# My husband solicits prostitutes.



## T1977 (Nov 13, 2015)

We've been married for almost 15 years, about 7 seven years ago I found an e-mail that looked like he was soliciting prostitutes through craigs list. He denied of course, we went through counseling and tried to work things out. I recently found another e-mail that he sent soliciting a prostitute again...I now imagine that he's done it for the entire length of our marriage. He doesn't request or try to have sex with me. We have two children that love and adore their father. I'm now ready to file for divorce, but not really ready for the emotional "stuff" that will come along with leaving. My children will be crushed. Any suggestions or experiences you'd like to share?


----------



## aine (Feb 15, 2014)

So sorry you are in this place. I do not have experience of this personally but you will find lots of support here.
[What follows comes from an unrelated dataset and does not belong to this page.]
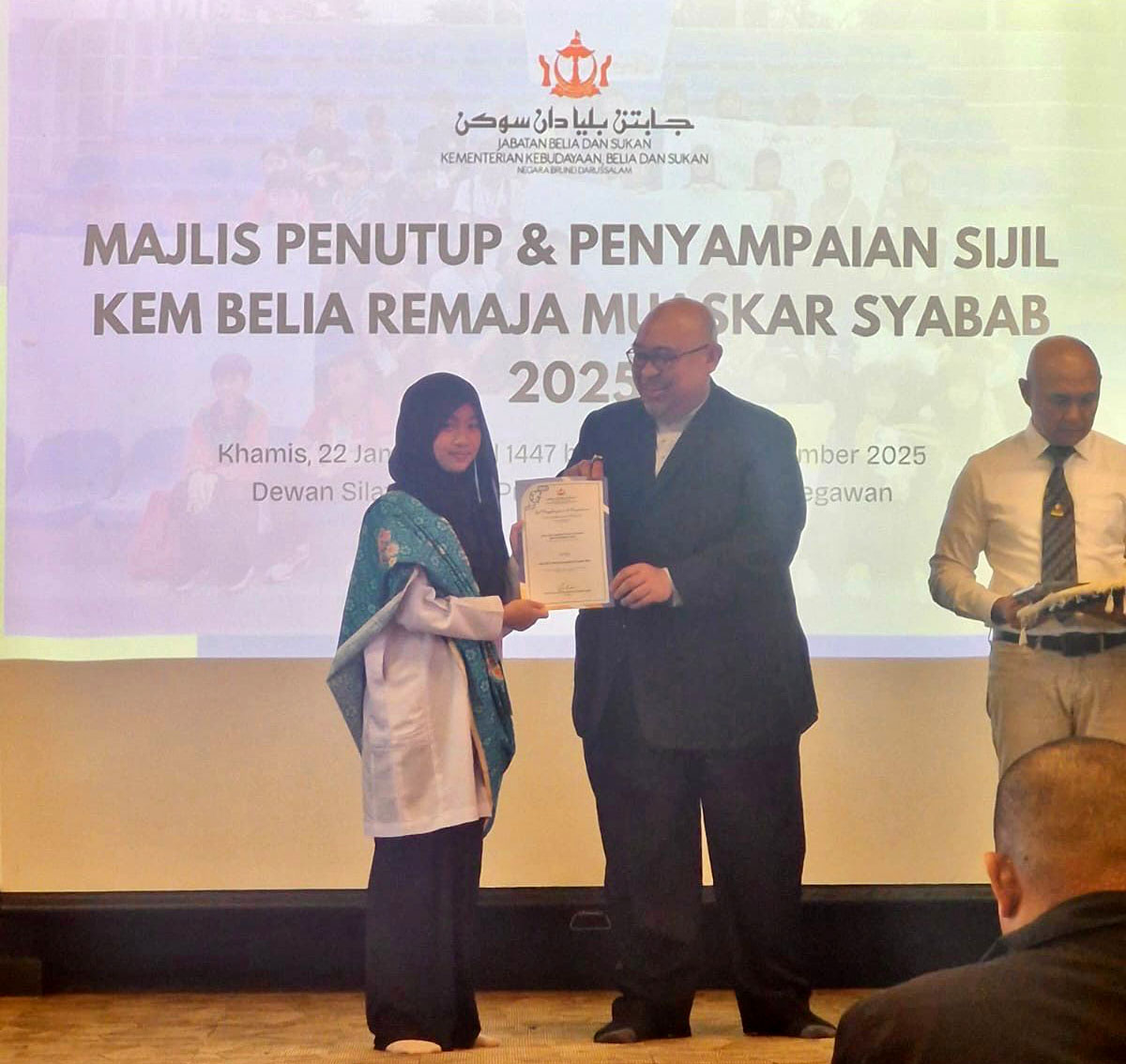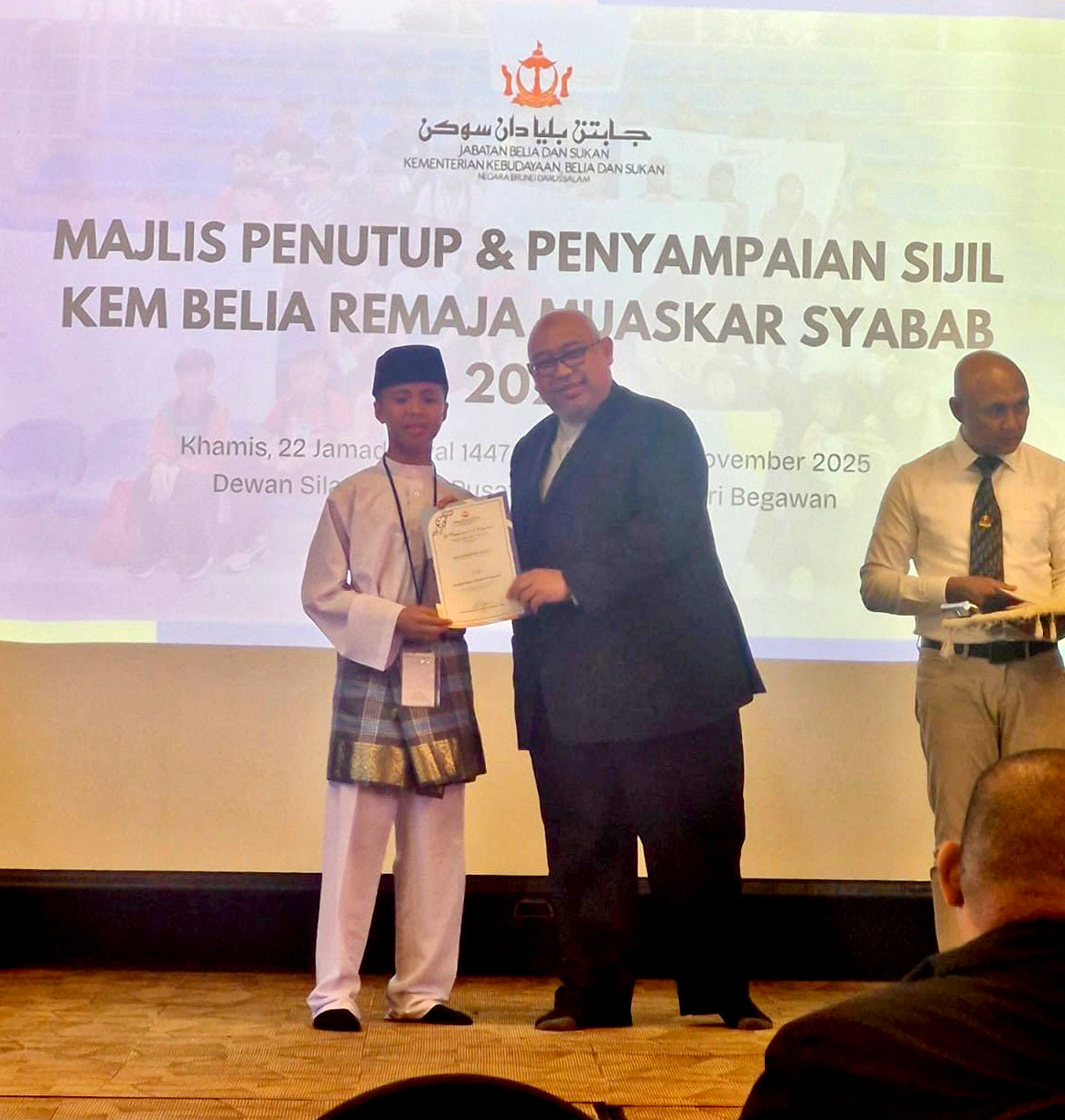 Susulan itu, para peserta menerima sijil dan diraikan dalam Majlis Penutup dan Penyampaian Sijil bagi Kem Belia Remaja Muaskar Syabab yang dihadiri oleh Pegawai Pentadbir Kanan, Jabatan Belia dan Sukan, Awang Mohamad Iskandar bin Haji Idris.

Have you had yourself tested for STDs? Please do.
Tell your family and friends about what is happening, you will need their support.
You might need IC to get over the trauma as what he is doing is very hurtful

What has his reaction been to the divorce? Has he a sex addiction or something like that?

How old are your children? Do they know what is happening?


----------



## sapientia (Nov 24, 2012)

Ewww. Get tested. I'm sorry.

If I found this out, I'd be encouraging him to get a Ho Club Pack. Because he would never get within 10 yards of me again.


----------